Gekiken became a medium through which the public could be exposed to traditional martial arts that had previously been the specialty of samurai and a select group of well-to-do commoners. The image depicted here, a triptych woodblock print created by the famous ukiyo-e artist Tsukioka Yoshitoshi, is of an early gekikenkai, or swordfighting exhibition[5]. Notable in this image is a man without armor, holding a fan, crouching between two combatants in the bottom of the central panel. Here, we can see the beginnings of the formalization of kenjutsu as a sport – the use of judges to start a match indicates the beginnings of the transformation of the military discipline into the martial art. Gekiken, then, already begins to differ from kenjutsu in its formal goal – while kenjutsu trains a warrior for combat and for death, gekiken trains a swordsman as a performer.
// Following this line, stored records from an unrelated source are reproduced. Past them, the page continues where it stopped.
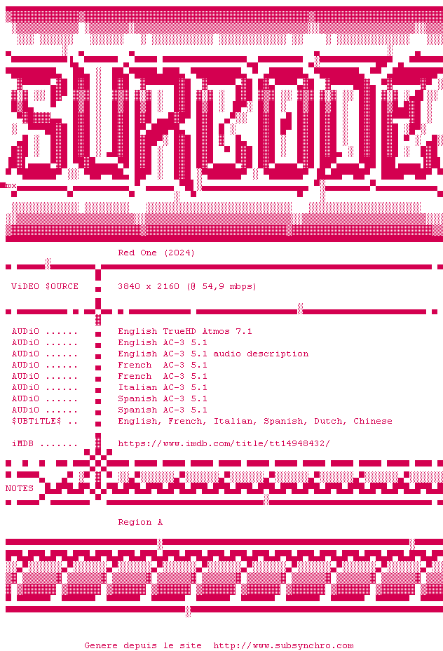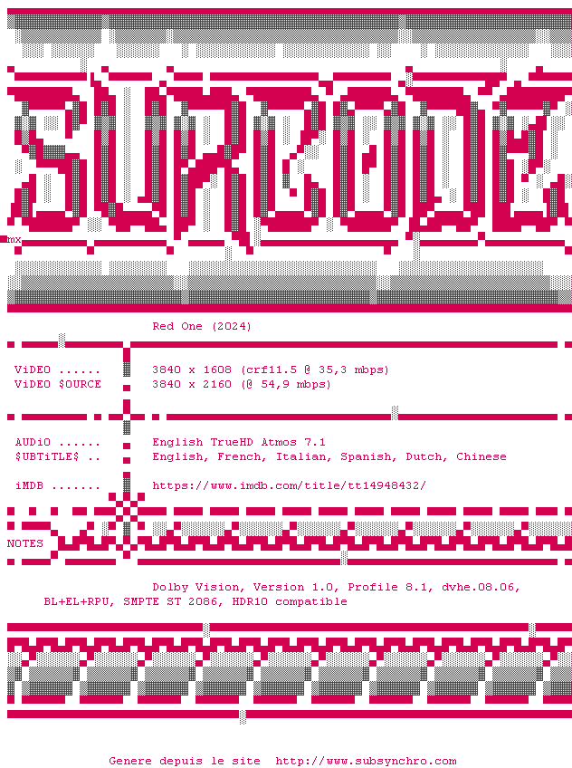 Voir le nfo de la release Red.One.2024.2160p.UHD.BluRay.x265-SURCODE
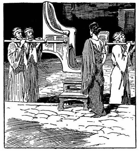 Litters were also used at that time, and Pliny calls them "travellers' chambers." They were borne on shafts, and special slaves used to act as bearers. Roman ladies often travelled in covered 8 carriages called carpenta, which were gorgeously decorated.
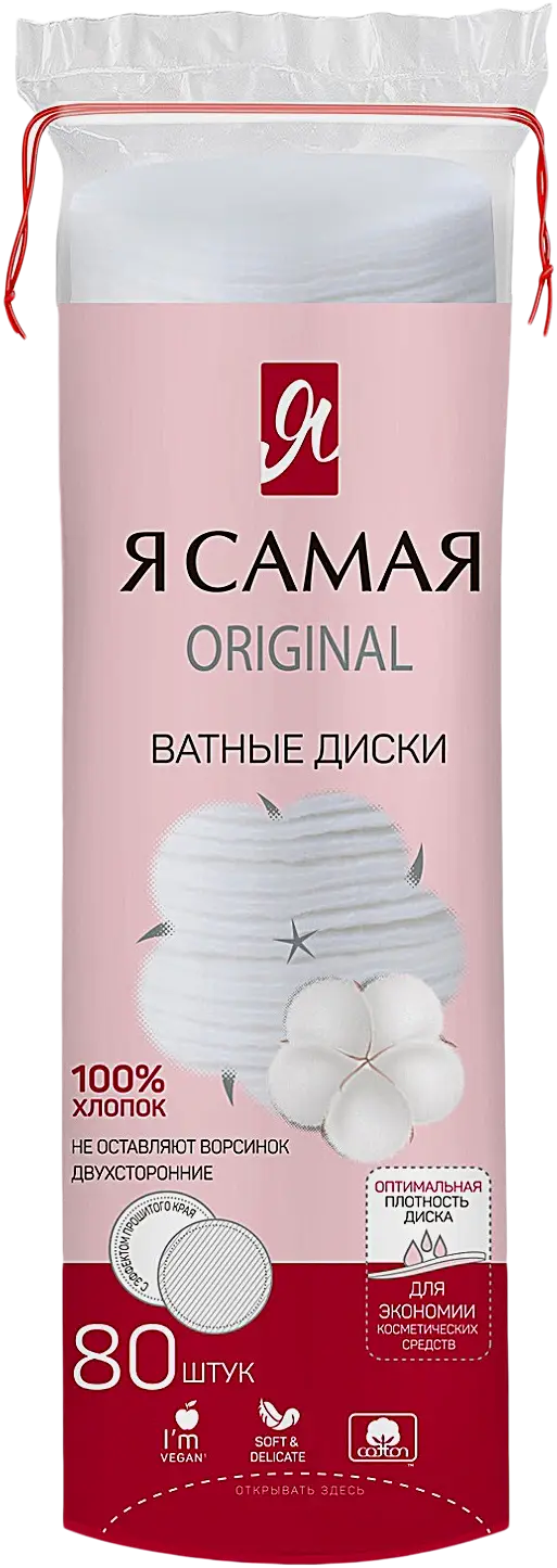 Двусторонние ватные диски из 100% хлопка — мягкие, плотные и хорошо впитывающие. Гладкая сторона подходит для тоника или лосьона, тиснёная — для снятия макияжа. Не оставляют ворсинок. Удобная упаковка с завязками.

Another point of interest in this image is the woman wielding the naginata, or halberd, positioned without a helmet and in combat with a kenjutsu practitioner, straddling the fold between the middle and right panels. The fact that both a woman and non-kenjutsu practitioner is included in the event suggests perhaps that the abolishment of the samurai class caused changes in martial disciplines outside of kenjutsu: practitioners of naginata-jutsu, traditionally considered a women’s martial style, perhaps also felt the need to engage in the gekikenkai to ensure that their traditions were communicated to the public, as well.



[1] Kapp, L. K., Hiroko; Yoshinodo, Yoshihara (2002). Modern Japanese Swords and Swordsmiths: From 1868 to the Present. Tokyo, Kodansha International.

[2] Ibid.

[3] . "Sakakibara, Kenkichi." Portraits of Modern Japanese Historical Figures. Retrieved November 23, 2014, from http://www.ndl.go.jp/portrait/e/datas/271.html.           

[4] Ibid.

[5] Tsukioka, Y. Geki-ken kai. MFA.org, Museum of Fine Arts, Boston.